NETBIOS: flushed name=ORINDA, addr=1000.4444.5555

The following line indicates that the entry for ORINDA timed out and was flushed from the cache table:

NETBIOS: expired name=ORINDA, addr=1000.4444.5555

The following line indicates that the router removed the ORINDA entry from its cache table:

NETBIOS: removing entry. name=ORINDA,addr=1000.4444.5555,idb=TR1,vrn=0

The following line indicates that the router discarded a NetBIOS packet of type ADD_NAME, STATUS, NAME_QUERY, or ADD_GROUP. These packets are discarded when multiple copies of one of these packet types are detected during a certain period of time.

NETBIOS: Tossing ADD_NAME/STATUS/NAME/ADD_GROUP frame

The following line indicates that the system could not find a NetBIOS name in the cache:

NETBIOS: Lookup Failed -- not in cache

The following line indicates that the system found the destination NetBIOS name in the cache, but located on the same ring from which the packet came. The router will drop this packet because the packet should not leave this ring.

NETBIOS: Lookup Worked, but split horizon failed

The following line indicates that the system found the NetBIOS name in the cache, but the router could not find the corresponding RIF. The packet will be sent as a broadcast frame.

NETBIOS: Could not find RIF entry

The following line indicates that no buffer was available to create a NetBIOS name cache proxy. A proxy will not be created for the packet, which will be forwarded as a broadcast frame.

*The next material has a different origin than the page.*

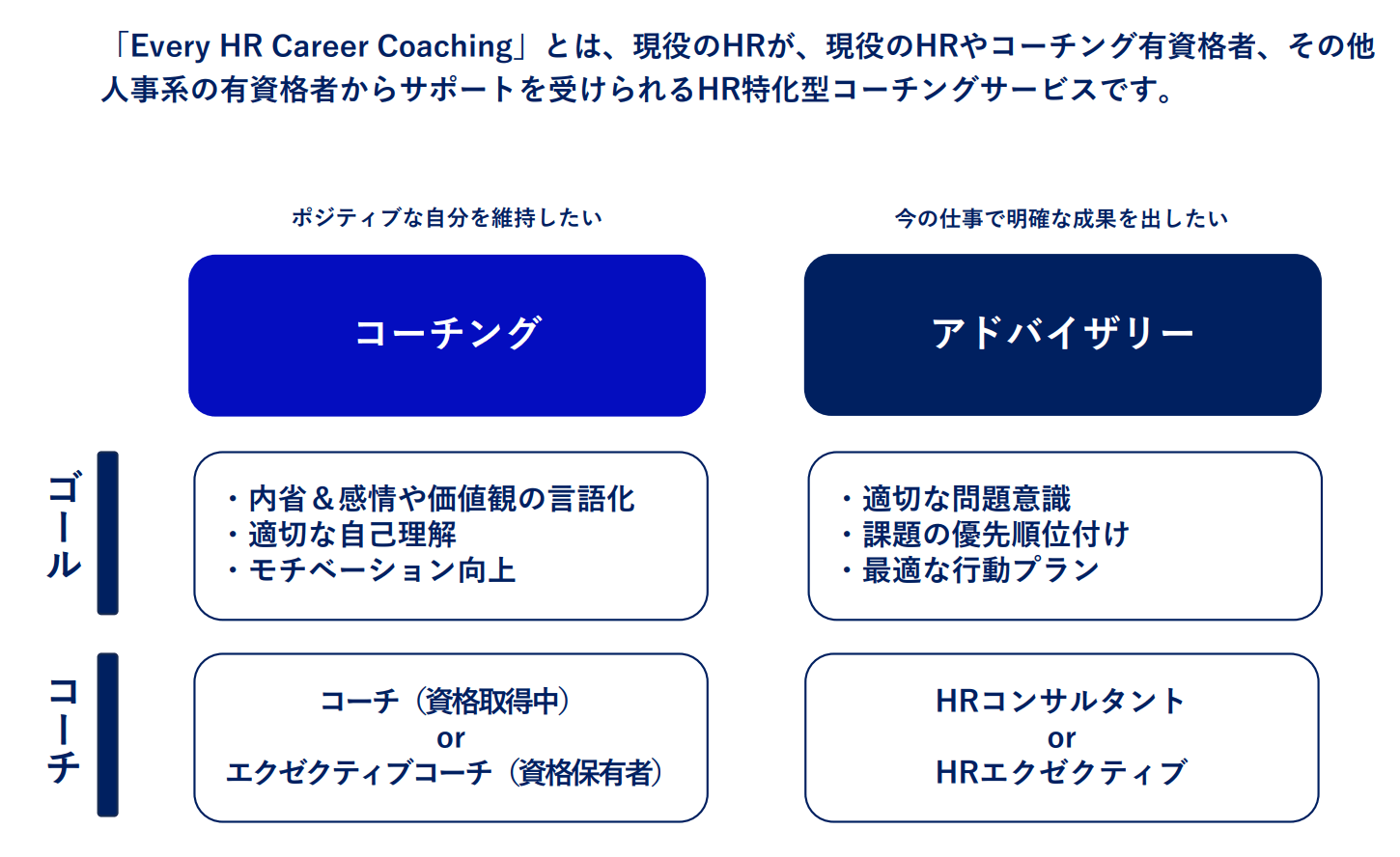 「Every HR Career Coaching」は、現役のHRが、現役のHRやコーチング有資格者、その他人事系の有資格者からサポートを受けられるHR特化型コーチング・アドバイザリーサービスです。内省を促進しもやもやを解消するコーチング、より実践的なサポートを受けることが出来るアドバイザリーの2種類からコーチを選ぶことができます。

NETBIOS: Cannot duplicate packet in netbios_name_cache_proxy

Related Commands

Command
Description

debug netbios error

Displays information about NetBIOS protocol errors.

debug netbios packet

Displays general information about NetBIOS packets.


debug netbios packet

To display general information about NetBIOS packets, use the debug netbios packet privileged EXEC command. The no form of this command disables debugging output.

debug netbios packet

no debug netbios packet

Syntax Description

This command has no arguments or keywords.

Usage Guidelines

For complete information on the NetBIOS process, use the debug netbios error command along with the debug netbios packet command.

Examples

The following is sample output from the debug netbios packet and debug netbios error commands. This example shows the LLC header for an asynchronous interface followed by the NetBIOS information. For additional information on the NetBIOS fields, refer to IBM LAN Technical Reference IEEE 802.2.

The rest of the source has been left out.